## [TRY IT]
The records below must be copied in full; omit the images.

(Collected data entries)
:::::

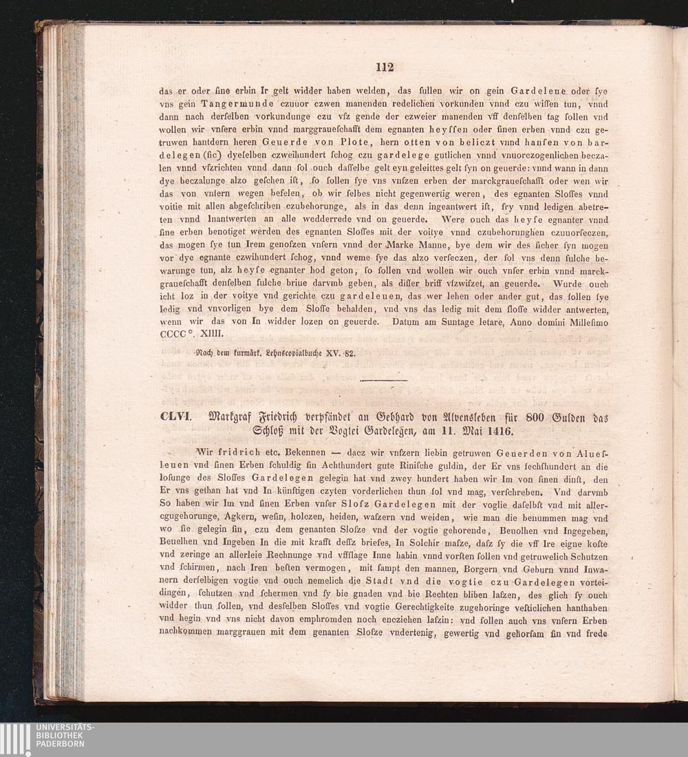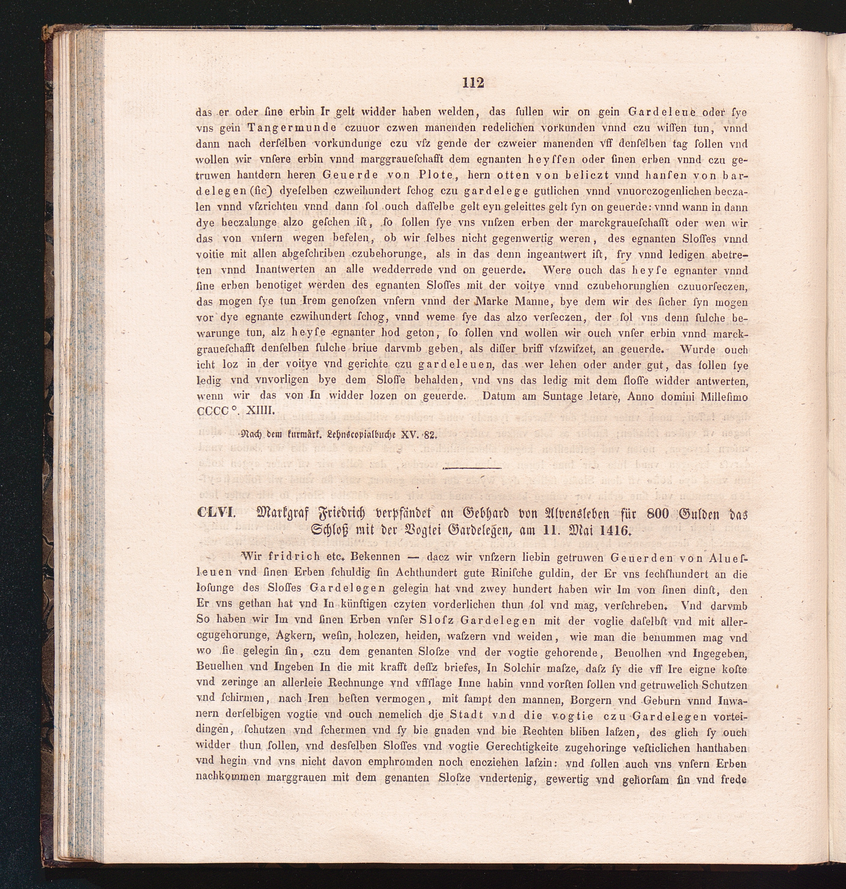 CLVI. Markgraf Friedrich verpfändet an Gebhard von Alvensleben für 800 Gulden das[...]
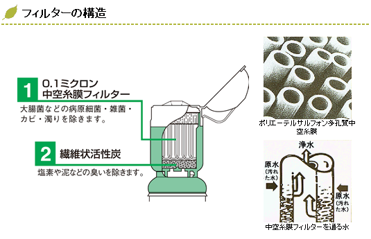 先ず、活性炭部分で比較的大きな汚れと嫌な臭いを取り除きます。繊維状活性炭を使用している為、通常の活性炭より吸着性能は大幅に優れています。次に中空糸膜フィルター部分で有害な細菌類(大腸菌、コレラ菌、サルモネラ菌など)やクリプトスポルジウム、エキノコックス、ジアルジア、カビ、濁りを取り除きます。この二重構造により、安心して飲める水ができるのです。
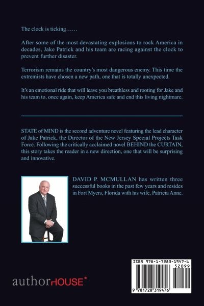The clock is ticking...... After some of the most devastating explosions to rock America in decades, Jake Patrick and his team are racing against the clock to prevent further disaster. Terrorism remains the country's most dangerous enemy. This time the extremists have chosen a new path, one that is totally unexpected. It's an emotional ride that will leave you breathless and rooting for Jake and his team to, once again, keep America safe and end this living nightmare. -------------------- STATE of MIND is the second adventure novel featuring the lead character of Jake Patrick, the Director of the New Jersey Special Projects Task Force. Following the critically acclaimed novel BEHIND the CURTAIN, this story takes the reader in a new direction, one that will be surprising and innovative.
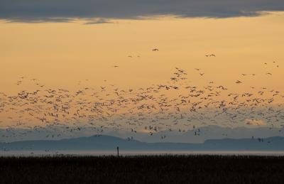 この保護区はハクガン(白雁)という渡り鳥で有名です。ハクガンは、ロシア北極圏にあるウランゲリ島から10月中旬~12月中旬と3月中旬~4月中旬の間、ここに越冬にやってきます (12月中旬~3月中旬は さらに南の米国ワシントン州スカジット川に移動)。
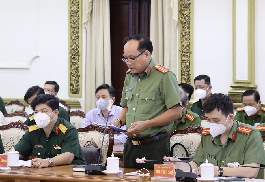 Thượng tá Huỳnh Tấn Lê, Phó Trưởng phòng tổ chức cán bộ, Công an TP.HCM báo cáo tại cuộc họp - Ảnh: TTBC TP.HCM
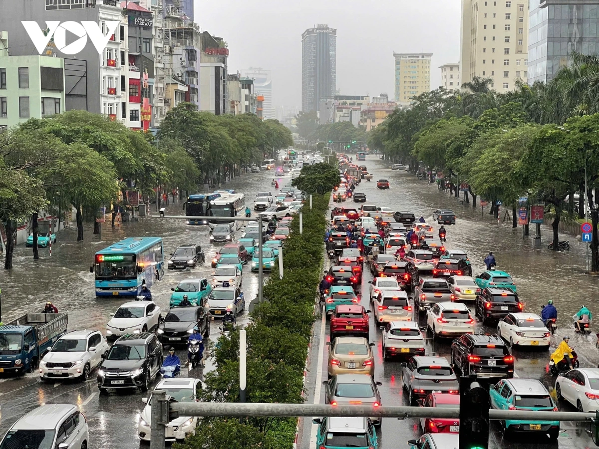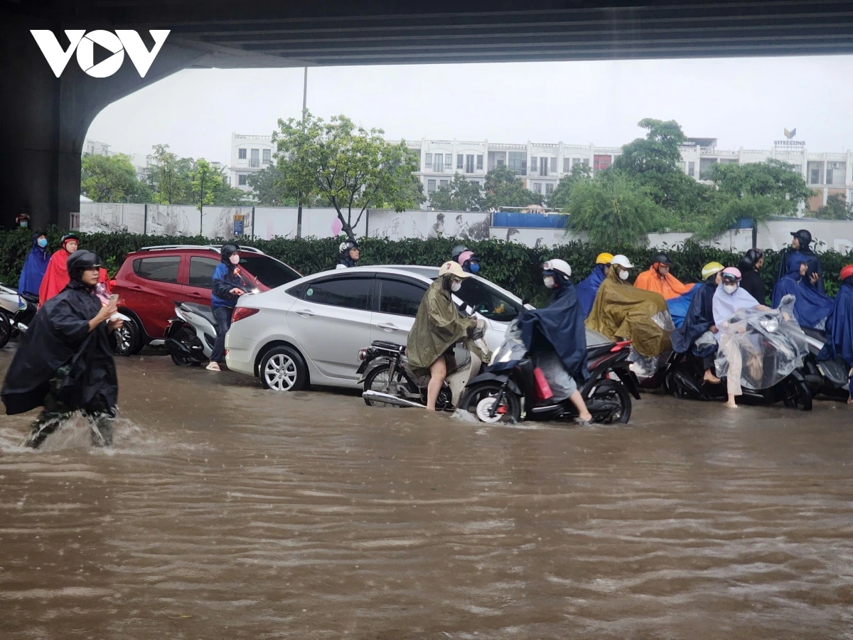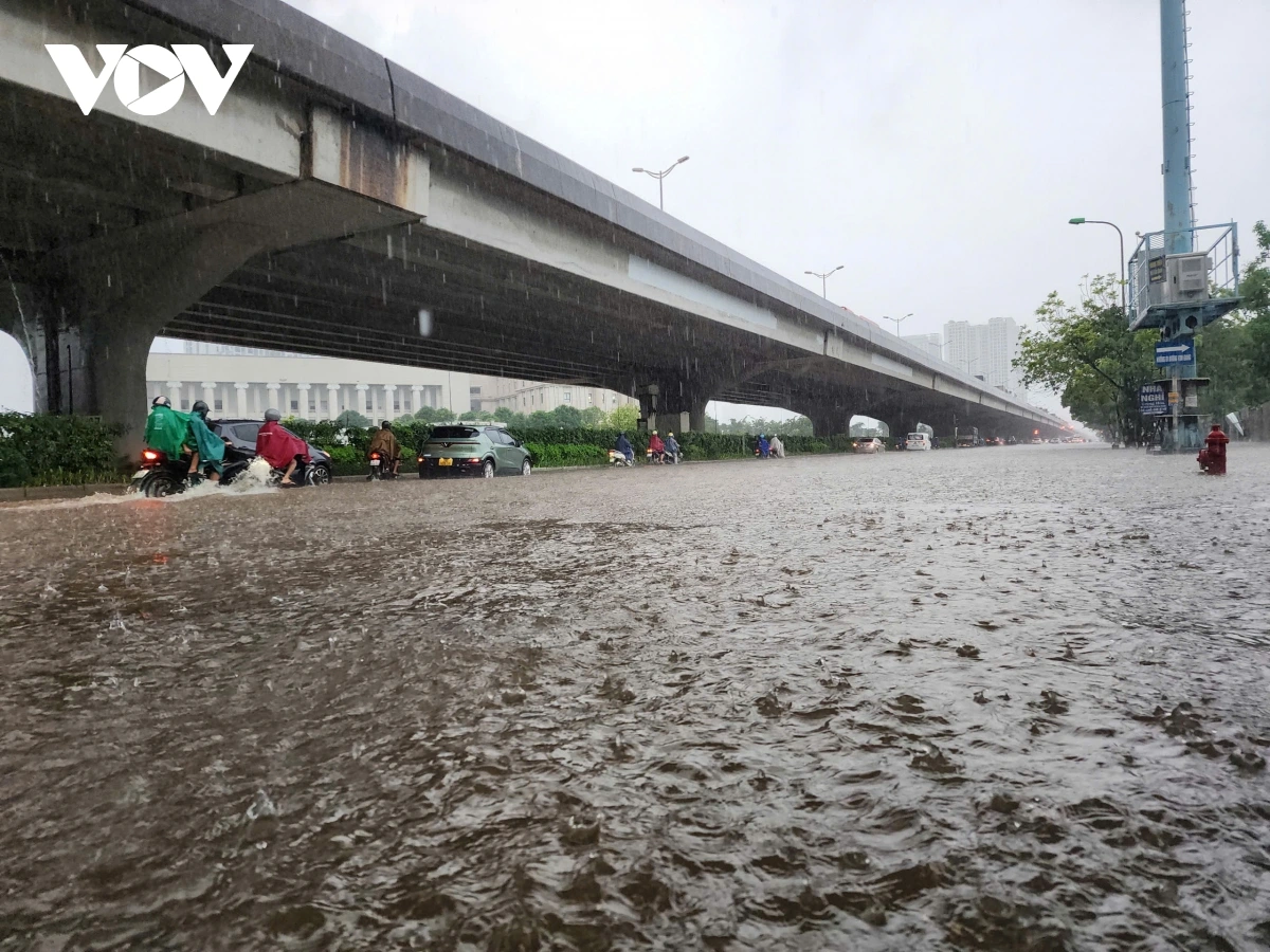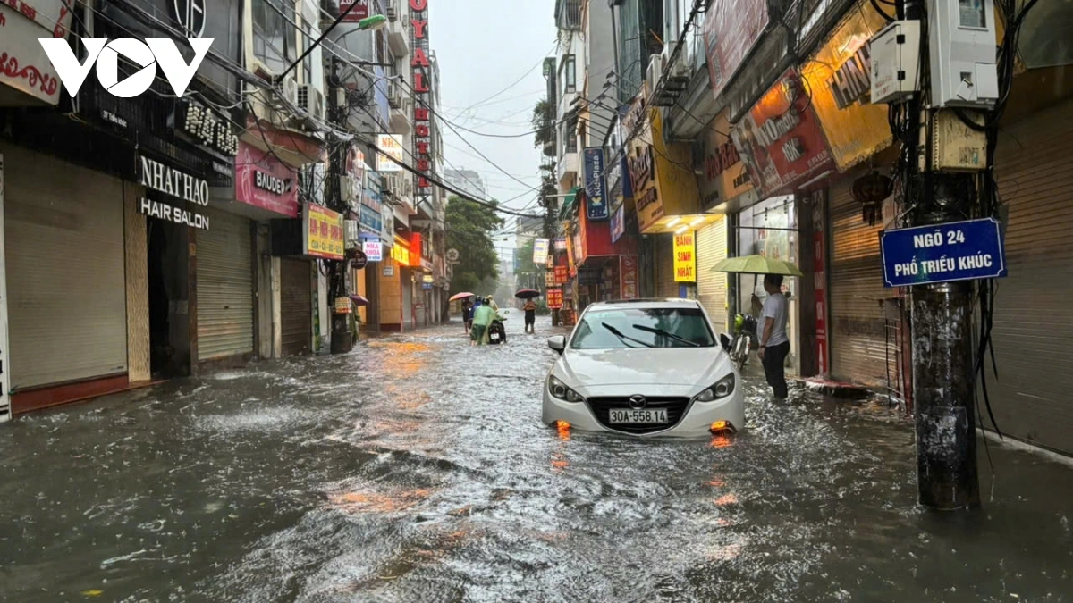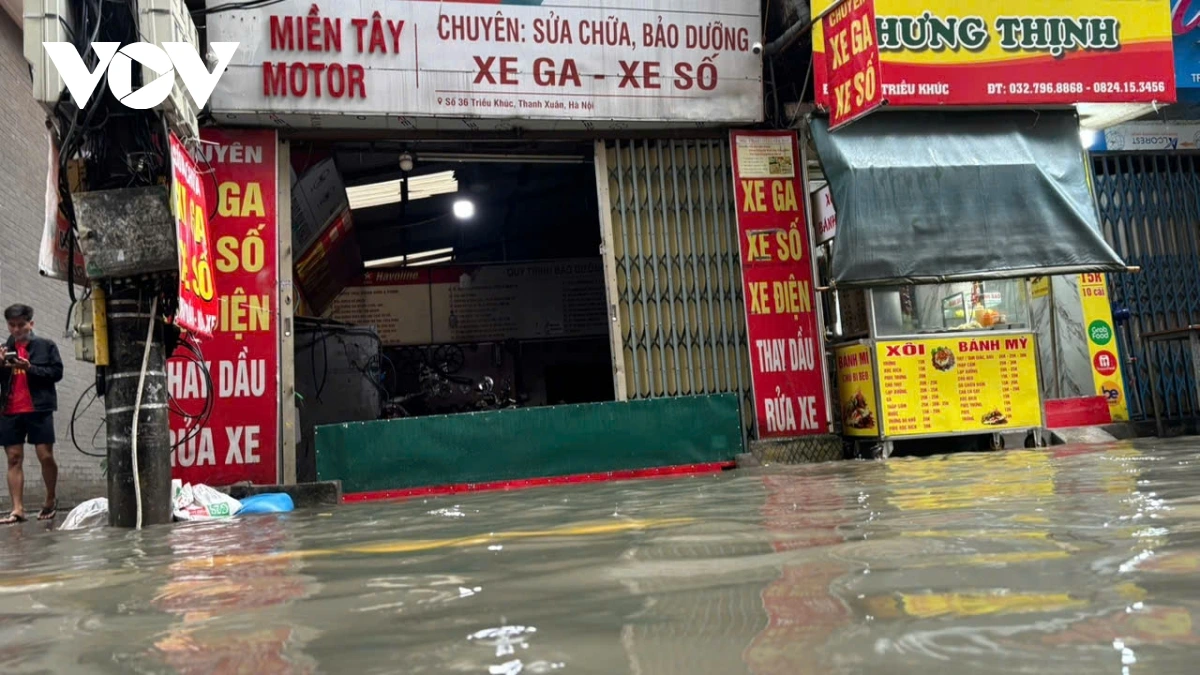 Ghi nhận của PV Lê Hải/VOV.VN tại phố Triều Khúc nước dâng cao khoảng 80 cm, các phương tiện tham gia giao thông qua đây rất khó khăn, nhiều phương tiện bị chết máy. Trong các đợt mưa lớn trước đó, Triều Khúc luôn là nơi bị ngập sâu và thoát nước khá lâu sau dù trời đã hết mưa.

:::::

## [SOLVED EXERCISE]
 CLVI. Markgraf Friedrich verpfändet an Gebhard von Alvensleben für 800 Gulden das[...]
 先ず、活性炭部分で比較的大きな汚れと嫌な臭いを取り除きます。繊維状活性炭を使用している為、通常の活性炭より吸着性能は大幅に優れています。次に中空糸膜フィルター部分で有害な細菌類(大腸菌、コレラ菌、サルモネラ菌など)やクリプトスポルジウム、エキノコックス、ジアルジア、カビ、濁りを取り除きます。この二重構造により、安心して飲める水ができるのです。
The clock is ticking...... After some of the most devastating explosions to rock America in decades, Jake Patrick and his team are racing against the clock to prevent further disaster. Terrorism remains the country's most dangerous enemy. This time the extremists have chosen a new path, one that is totally unexpected. It's an emotional ride that will leave you breathless and rooting for Jake and his team to, once again, keep America safe and end this living nightmare. -------------------- STATE of MIND is the second adventure novel featuring the lead character of Jake Patrick, the Director of the New Jersey Special Projects Task Force. Following the critically acclaimed novel BEHIND the CURTAIN, this story takes the reader in a new direction, one that will be surprising and innovative.
 この保護区はハクガン(白雁)という渡り鳥で有名です。ハクガンは、ロシア北極圏にあるウランゲリ島から10月中旬~12月中旬と3月中旬~4月中旬の間、ここに越冬にやってきます (12月中旬~3月中旬は さらに南の米国ワシントン州スカジット川に移動)。
 Thượng tá Huỳnh Tấn Lê, Phó Trưởng phòng tổ chức cán bộ, Công an TP.HCM báo cáo tại cuộc họp - Ảnh: TTBC TP.HCM
 Ghi nhận của PV Lê Hải/VOV.VN tại phố Triều Khúc nước dâng cao khoảng 80 cm, các phương tiện tham gia giao thông qua đây rất khó khăn, nhiều phương tiện bị chết máy. Trong các đợt mưa lớn trước đó, Triều Khúc luôn là nơi bị ngập sâu và thoát nước khá lâu sau dù trời đã hết mưa.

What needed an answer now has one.